9️⃣ Caching Strategy
What to Cache?
- Feed entries
- Post objects
- User metadata
- Relationship graph
- Ranking features
- Hot posts
- Media assets through CDN
Cache Layers
- Local service cache
- Redis / Memcached
- CDN for media
- Edge cache for public content
Cache Challenges
- Feed freshness
- Post deletion
- Privacy changes
- Follow / unfollow changes
- Ranking feature updates
👉 Interview Answer
Caching is essential because feed reads are frequent and latency-sensitive.
I would cache feed entries, post objects, user metadata, relationship data, and ranking features.
However, the system must carefully handle cache invalidation for deleted posts, privacy updates, and relationship changes.
🔟 Write Path: Creating a Post
Flow
- User creates post
- Post service validates request
- Store post as source of truth
- Publish post-created event
- Fanout workers consume event
- Find eligible followers/friends
- Create feed entries
- Update caches asynchronously
Event Pipeline
Post Service
→ Kafka / Queue
→ Fanout Workers
→ Feed Store
→ Cache Update
👉 Interview Answer
I would decouple post creation from feed fanout using an async event pipeline.
The post service stores the post as the source of truth and publishes a post-created event.
Fanout workers then update feed stores asynchronously, which keeps post creation fast and resilient.
1️⃣1️⃣ Trade-offs
Push vs Pull
| Strategy | Pros | Cons |
|---|---|---|
| Push | Fast reads | Write amplification |
| Pull | Lower write cost | Slower reads |
| Hybrid | Balanced | More complexity |
Freshness vs Latency
- Real-time fanout improves freshness
- Async fanout may delay feed updates
- Cache improves latency but may return stale feed
Relevance vs Explainability
- ML ranking improves engagement
- But may be harder to debug and explain
Storage Cost vs Read Performance
- Precomputed feeds require more storage
- But improve feed read latency
Privacy Correctness vs Performance
- Read-time filtering improves correctness
- But adds latency
👉 Interview Answer
The main trade-offs are freshness, relevance, latency, storage cost, and privacy correctness.
Push-based feed improves read latency but increases write cost.

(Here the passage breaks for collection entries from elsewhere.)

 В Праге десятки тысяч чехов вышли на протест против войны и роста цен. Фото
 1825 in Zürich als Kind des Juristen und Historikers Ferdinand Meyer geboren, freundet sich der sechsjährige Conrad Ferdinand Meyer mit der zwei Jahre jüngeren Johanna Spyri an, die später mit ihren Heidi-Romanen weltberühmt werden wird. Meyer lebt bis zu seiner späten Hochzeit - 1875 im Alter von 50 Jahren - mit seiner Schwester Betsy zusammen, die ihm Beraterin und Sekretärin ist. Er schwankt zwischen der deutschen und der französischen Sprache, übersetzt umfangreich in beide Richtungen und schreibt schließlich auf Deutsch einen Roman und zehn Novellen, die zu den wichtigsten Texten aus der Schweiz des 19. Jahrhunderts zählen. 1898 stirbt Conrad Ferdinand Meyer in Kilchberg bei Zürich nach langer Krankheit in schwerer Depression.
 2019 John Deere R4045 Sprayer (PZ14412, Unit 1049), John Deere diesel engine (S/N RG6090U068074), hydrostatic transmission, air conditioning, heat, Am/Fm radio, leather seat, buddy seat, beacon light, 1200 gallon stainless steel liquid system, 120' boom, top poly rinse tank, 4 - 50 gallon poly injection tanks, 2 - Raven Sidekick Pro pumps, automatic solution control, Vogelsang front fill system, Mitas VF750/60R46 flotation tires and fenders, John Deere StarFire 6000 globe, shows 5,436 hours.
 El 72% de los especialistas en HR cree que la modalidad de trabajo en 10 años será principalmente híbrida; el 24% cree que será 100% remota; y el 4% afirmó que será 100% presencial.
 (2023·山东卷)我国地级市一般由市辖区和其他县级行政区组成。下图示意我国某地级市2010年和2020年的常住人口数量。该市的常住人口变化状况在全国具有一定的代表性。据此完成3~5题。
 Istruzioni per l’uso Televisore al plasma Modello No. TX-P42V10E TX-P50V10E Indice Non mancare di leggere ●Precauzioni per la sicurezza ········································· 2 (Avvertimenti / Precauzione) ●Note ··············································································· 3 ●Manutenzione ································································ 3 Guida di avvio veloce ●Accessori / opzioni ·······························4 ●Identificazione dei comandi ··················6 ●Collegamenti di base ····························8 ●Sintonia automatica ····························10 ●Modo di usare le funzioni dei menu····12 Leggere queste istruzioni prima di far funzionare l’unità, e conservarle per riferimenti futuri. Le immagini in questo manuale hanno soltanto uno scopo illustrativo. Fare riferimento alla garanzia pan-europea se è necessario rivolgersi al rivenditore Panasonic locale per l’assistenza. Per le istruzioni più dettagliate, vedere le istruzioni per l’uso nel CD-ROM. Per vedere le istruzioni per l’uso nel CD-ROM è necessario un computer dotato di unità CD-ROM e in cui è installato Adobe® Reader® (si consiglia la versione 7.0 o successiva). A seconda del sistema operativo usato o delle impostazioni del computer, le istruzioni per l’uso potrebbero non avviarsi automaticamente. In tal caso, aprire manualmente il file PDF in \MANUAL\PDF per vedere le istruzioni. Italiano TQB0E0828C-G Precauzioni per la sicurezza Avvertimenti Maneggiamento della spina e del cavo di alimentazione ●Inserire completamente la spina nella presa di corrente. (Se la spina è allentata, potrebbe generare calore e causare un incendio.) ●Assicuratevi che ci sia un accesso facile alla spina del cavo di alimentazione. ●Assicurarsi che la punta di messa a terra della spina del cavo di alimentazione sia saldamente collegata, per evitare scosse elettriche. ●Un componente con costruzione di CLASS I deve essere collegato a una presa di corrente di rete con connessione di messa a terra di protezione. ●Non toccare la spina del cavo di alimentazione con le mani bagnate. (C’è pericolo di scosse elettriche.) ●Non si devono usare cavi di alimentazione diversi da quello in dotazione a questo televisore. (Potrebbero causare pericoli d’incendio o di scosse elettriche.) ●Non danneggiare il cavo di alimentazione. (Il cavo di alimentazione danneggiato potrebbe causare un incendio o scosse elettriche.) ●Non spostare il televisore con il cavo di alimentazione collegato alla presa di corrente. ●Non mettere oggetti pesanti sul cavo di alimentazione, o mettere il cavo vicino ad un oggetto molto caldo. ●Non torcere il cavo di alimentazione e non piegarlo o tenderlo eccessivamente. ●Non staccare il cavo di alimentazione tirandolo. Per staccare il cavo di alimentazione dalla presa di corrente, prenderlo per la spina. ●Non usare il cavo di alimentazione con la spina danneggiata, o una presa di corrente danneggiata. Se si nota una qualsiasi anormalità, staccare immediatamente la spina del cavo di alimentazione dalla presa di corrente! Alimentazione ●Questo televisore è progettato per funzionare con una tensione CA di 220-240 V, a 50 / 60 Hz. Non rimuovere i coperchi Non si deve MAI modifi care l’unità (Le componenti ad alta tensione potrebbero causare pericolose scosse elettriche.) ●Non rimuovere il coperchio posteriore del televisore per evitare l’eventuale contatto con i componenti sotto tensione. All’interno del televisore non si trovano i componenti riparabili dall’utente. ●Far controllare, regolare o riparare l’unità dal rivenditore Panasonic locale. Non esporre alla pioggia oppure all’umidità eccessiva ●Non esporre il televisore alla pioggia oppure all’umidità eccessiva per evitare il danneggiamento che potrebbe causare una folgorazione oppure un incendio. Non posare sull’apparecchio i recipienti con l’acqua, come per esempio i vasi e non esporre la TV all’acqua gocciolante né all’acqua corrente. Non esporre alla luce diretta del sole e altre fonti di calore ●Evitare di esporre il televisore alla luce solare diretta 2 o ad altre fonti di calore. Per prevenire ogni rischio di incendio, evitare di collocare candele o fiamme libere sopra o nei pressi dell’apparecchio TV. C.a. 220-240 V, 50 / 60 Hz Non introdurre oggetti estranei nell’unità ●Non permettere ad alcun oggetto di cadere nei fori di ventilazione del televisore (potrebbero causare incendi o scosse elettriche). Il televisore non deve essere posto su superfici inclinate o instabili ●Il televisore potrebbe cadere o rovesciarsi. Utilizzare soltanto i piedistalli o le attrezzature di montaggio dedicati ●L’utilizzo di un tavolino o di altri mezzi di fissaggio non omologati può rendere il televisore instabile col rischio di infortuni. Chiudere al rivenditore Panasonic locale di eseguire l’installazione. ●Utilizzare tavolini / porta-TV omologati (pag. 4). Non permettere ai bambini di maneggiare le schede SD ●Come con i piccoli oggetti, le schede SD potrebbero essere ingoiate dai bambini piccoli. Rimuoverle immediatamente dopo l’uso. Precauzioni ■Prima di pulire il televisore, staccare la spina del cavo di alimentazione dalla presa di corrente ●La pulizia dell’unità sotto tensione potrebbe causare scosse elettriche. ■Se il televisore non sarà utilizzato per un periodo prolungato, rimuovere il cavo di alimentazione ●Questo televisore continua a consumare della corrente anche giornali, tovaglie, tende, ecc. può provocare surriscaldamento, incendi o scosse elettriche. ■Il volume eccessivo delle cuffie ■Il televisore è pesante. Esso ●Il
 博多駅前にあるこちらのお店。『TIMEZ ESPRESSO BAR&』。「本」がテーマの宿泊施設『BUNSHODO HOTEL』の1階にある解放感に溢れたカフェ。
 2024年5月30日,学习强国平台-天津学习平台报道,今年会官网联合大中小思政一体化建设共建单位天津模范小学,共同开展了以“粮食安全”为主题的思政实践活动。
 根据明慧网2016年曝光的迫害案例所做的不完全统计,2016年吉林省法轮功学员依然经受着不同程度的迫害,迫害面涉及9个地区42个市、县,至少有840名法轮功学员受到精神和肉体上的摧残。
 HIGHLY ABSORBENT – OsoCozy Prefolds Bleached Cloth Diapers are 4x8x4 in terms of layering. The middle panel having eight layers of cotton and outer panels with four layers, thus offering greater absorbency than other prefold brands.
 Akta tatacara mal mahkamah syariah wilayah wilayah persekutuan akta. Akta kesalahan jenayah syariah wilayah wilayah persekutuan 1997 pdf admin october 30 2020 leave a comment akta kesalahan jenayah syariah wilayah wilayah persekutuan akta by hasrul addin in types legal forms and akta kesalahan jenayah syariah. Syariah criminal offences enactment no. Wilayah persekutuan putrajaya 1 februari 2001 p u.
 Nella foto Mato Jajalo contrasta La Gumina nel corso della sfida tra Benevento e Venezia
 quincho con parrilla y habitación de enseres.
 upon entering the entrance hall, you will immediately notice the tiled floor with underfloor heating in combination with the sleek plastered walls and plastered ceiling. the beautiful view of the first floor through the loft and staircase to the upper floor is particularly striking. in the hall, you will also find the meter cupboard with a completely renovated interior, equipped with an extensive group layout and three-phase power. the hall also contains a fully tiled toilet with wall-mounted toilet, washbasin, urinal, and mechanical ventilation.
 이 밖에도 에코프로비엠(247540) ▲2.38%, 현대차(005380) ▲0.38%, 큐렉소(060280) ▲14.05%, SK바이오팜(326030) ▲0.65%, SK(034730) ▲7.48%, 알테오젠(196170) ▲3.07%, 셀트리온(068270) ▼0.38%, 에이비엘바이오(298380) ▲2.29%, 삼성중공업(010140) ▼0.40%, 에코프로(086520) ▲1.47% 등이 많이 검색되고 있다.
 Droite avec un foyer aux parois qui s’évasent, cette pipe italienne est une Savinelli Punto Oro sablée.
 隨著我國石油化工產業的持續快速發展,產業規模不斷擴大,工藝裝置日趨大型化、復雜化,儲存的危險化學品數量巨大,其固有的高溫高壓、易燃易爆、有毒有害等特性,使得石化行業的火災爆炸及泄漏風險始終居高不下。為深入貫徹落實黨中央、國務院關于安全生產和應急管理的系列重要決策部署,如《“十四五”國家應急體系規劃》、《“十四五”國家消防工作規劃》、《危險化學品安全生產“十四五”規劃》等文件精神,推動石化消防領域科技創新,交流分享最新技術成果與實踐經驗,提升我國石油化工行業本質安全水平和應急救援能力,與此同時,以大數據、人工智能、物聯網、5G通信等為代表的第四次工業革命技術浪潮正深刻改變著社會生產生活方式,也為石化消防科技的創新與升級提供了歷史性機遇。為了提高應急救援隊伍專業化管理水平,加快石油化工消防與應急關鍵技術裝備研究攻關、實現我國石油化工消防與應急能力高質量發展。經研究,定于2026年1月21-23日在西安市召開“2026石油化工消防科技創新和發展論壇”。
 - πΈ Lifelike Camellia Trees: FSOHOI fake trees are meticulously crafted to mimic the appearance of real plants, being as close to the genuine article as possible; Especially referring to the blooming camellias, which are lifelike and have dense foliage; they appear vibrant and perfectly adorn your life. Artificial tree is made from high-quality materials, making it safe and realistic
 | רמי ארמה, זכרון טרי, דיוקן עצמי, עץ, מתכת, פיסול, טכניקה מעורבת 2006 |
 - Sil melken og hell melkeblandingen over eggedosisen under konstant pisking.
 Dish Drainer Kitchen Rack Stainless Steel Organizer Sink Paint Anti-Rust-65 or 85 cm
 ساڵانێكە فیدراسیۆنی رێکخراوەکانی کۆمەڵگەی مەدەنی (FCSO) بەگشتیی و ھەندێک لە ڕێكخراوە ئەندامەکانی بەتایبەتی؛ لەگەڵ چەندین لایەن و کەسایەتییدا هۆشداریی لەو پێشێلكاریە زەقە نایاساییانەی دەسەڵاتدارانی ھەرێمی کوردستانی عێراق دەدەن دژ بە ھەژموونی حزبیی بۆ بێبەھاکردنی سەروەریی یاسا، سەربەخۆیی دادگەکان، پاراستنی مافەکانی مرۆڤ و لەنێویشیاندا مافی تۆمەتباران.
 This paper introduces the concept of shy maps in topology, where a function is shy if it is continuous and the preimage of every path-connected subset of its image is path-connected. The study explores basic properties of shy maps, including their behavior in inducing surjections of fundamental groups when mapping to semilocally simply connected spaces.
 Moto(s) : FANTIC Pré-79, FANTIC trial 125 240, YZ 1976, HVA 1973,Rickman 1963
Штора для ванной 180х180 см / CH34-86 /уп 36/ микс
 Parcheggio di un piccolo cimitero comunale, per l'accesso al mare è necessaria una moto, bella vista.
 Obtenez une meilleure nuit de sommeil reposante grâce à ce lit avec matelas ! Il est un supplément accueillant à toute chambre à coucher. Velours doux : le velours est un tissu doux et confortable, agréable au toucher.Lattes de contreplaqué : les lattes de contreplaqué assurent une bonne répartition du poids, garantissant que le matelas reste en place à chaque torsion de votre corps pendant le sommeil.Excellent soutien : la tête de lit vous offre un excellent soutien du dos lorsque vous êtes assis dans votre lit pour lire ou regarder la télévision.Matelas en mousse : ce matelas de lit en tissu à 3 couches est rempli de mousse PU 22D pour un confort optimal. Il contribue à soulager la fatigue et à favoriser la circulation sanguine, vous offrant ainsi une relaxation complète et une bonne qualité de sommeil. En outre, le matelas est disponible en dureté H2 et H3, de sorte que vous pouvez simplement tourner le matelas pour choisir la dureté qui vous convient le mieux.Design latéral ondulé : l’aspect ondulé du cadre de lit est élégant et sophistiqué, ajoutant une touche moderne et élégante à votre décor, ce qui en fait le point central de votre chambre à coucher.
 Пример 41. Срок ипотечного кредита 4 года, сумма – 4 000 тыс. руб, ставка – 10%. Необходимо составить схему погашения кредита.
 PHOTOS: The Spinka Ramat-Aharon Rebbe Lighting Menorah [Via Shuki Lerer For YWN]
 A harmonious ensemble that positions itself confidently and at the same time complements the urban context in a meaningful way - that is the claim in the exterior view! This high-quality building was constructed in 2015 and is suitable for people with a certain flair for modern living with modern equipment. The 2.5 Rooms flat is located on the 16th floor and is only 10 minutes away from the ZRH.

Pull-based feed reduces write cost but makes reads heavier.
In practice, hybrid feed generation is usually the best approach.
1️⃣2️⃣ Scaling Patterns
Pattern 1: Hybrid Feed Generation
- Push social posts from normal users
- Pull celebrity/recommended content at read time
Pattern 2: Async Fanout
Use queue-based processing:
post-created event → queue → fanout workers
Pattern 3: Separate Source of Truth and Feed View
- Post store = source of truth
- Feed store = read-optimized view
Pattern 4: Feature Store for Ranking
Store precomputed ranking features:
- User interests
- Author affinity
- Post engagement
- Content quality scores
Pattern 5: Shard Feed Store by User ID
Why?
- Feed reads are user-centric
- Keeps feed entries for one user localized
Pattern 6: Backpressure for High-Fanout Authors
For high-follower authors:
- Do not fanout to everyone immediately
- Pull at read time
- Apply rate limiting to fanout jobs
Pattern 7: Feed Assembly Service
Feed response may include:
- Organic posts
- Recommended posts
- Ads
- Safety filtering
- Ranking output
👉 Interview Answer
To scale News Feed, I would separate the post store from the feed store, use async fanout workers, shard feeds by user ID, cache hot data, and use a feature store for ranking.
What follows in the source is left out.